Optimizing MiniZinc

This is part two of a two-part article. Part one is here.

Last time we left off with this model:

include "globals.mzn";

enum DAYS;
enum ROOMS;
enum TIMES;

enum talks;
constraint assert(card(DAYS) * card(ROOMS) * card(TIMES) == card(talks), "Number of slots must match number of talks");

enum people;

array[people, talks] of 0..4: pref;
array[DAYS, TIMES, ROOMS] of var talks: sched;

constraint alldifferent (d in DAYS, t in TIMES, r in ROOMS) (sched[d, t, r]);

array[people] of var int: score;
constraint forall(p in people) (
  score[p] = sum([if exists (r in ROOMS) (pref[p, sched[d, t, r]] = 4) 
       then 1 else 0 endif | d in DAYS, t in TIMES] 
   )
);

solve maximize sum(score);

output 
 ["SCORE: \(sum(score)) \n\n"] ++
 [show(sched[d, t, r]) ++ " " ++ 
   if r == card(ROOMS) then if t == card(TIMES) then "\n\n" else "\n" endif else "" endif | d in DAYS, t in TIMES, r in ROOMS];

We wanted to run it for two days, four time slots, and three rooms. I generated the data by running 20 (?@:$) 5 in J and copying it over:

pref = [| 
 2, 4, 0, 1, 1, 4, 0, 3, 0, 3, 3, 3, 4, 1, 0, 3, 3, 2, 0, 3, 2, 3, 1, 2,
|2, 1, 1, 3, 2, 1, 4, 0, 1, 2, 3, 4, 2, 0, 3, 1, 0, 2, 1, 3, 4, 3, 1, 1,
|4, 0, 0, 3, 4, 1, 4, 4, 2, 2, 3, 4, 1, 2, 2, 3, 0, 3, 3, 3, 1, 2, 1, 2,
|3, 2, 2, 2, 4, 3, 0, 2, 4, 4, 0, 1, 4, 0, 3, 0, 4, 1, 0, 2, 3, 1, 1, 0,
|3, 3, 2, 4, 4, 0, 3, 1, 4, 4, 1, 2, 3, 1, 3, 2, 0, 2, 2, 4, 2, 4, 2, 1,
|4, 1, 1, 4, 1, 1, 3, 0, 3, 0, 0, 3, 1, 3, 3, 0, 2, 3, 3, 4, 4, 2, 3, 2,
|4, 2, 0, 2, 3, 3, 4, 3, 3, 4, 1, 3, 2, 3, 2, 0, 1, 4, 4, 1, 1, 1, 0, 0,
|0, 4, 4, 1, 3, 3, 2, 0, 4, 4, 0, 0, 4, 0, 1, 1, 1, 1, 4, 1, 3, 1, 0, 3,
|0, 0, 0, 4, 1, 3, 4, 0, 3, 4, 3, 3, 2, 4, 2, 4, 3, 4, 1, 1, 0, 0, 1, 1,
/* you get the picture

The model does not finish running after 8 hours. Instead of using 20 people, I switched to solver for just the first 4. Under this, the median of 5 runs was 17 seconds. That’s what we’ll be optimizing.

Switch Solvers

The first and biggest change is in switching solvers. MiniZinc is only the higher-level language you write in. You can choose the backend solver most appropriate to your model. This could be the difference between “finished in 300ms” and “still going a year later”.

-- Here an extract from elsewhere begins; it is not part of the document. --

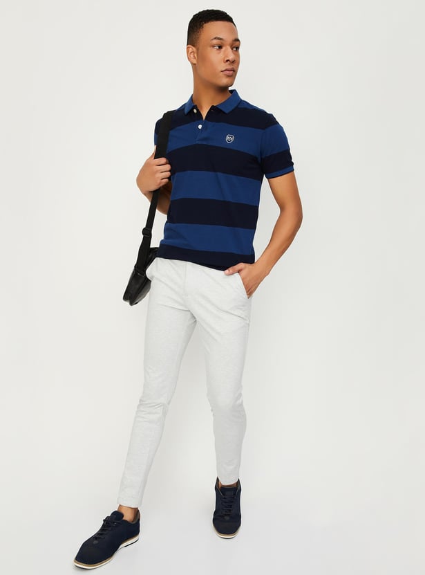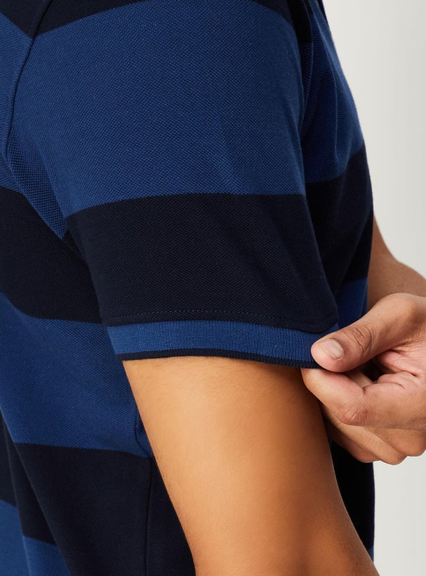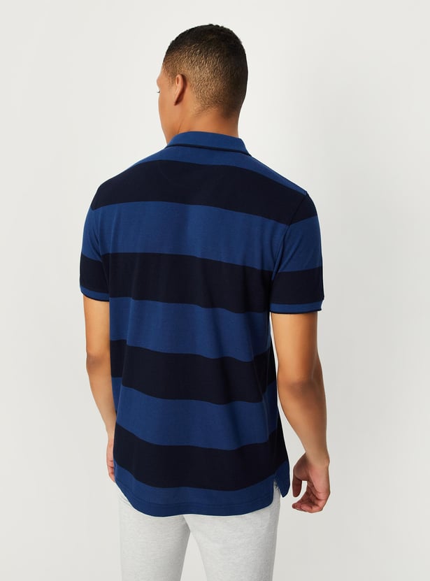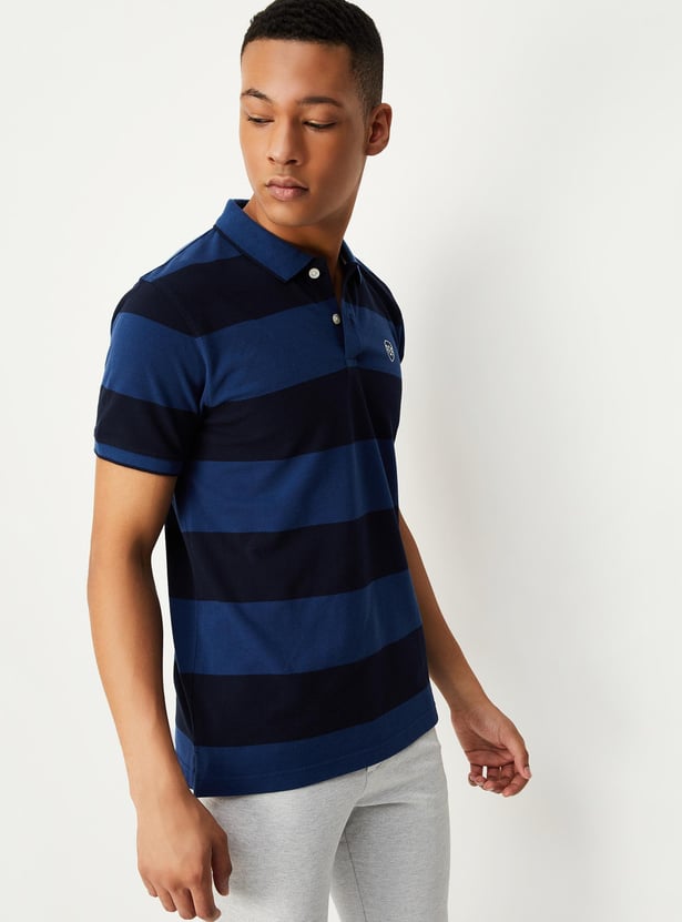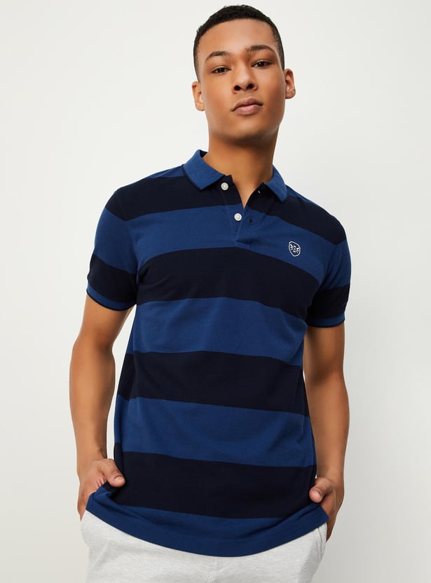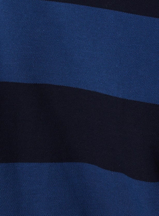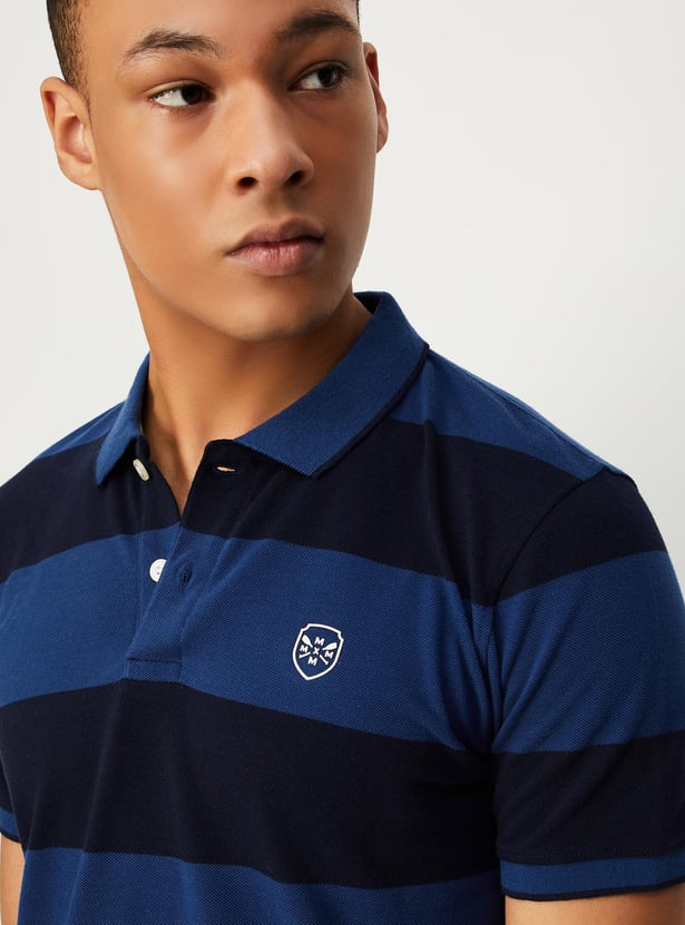 This striped polo t-shirt with short sleeves, a polo collar, and a button placket adds a fashionable flair to your casual outfit. Wear it with jeans and sneakers for a trendy appearance.

The problem here is that it’s not obvious what the right solver is. Gecode is faster than Chuffed for very small schedules but tails off much faster. I’ve seen some problems where one solver is faster at finding intermediate solutions, while the other is faster at reaching the final solution. There’s also cases where one solver is much slower, but if you add a certain optimization to it then it becomes much faster than the rest. The entire thing is nonlinear and just because I found the best solver for a given set of improvements doesn’t mean I’ve found the best solver for the problem. I settled on Chuffed, but for all I know there’s some configuration which makes Gecode a million times faster.

One super frustrating thing is that every time you open the IDE it defaults to Gecode, no matter what you were using before. There doesn’t seem to be a way to configure a default solver for a project. This isn’t a problem if you use the command line, though.

More Hardware

The other obvious change. Faster computer = faster solving. I’m running this on a 2016 Surface Pro 4 with 8 GB ram and a 2.4 Ghz i5. That’s a hilarious underspecced computer for any kind of computational work.

The first problem with “moar hardware” is that it’s sublinear: if I double the cores I’d expect at most a 2x speedup. The second is it doesn’t teach me anything about writing optimized models. I’m better off making my model fast and only then, once I’ve done all the optimizations I could, start paying my way out of this.

Change Optimization Level

The solver isn’t directly solving the MiniZinc constraints. Rather MiniZinc compiles the model and data into an intermediate language called FlatZinc that the solvers can target. We can change the compilation optimization level, ideally making simpler FlatZinc constraints for the solvers to process.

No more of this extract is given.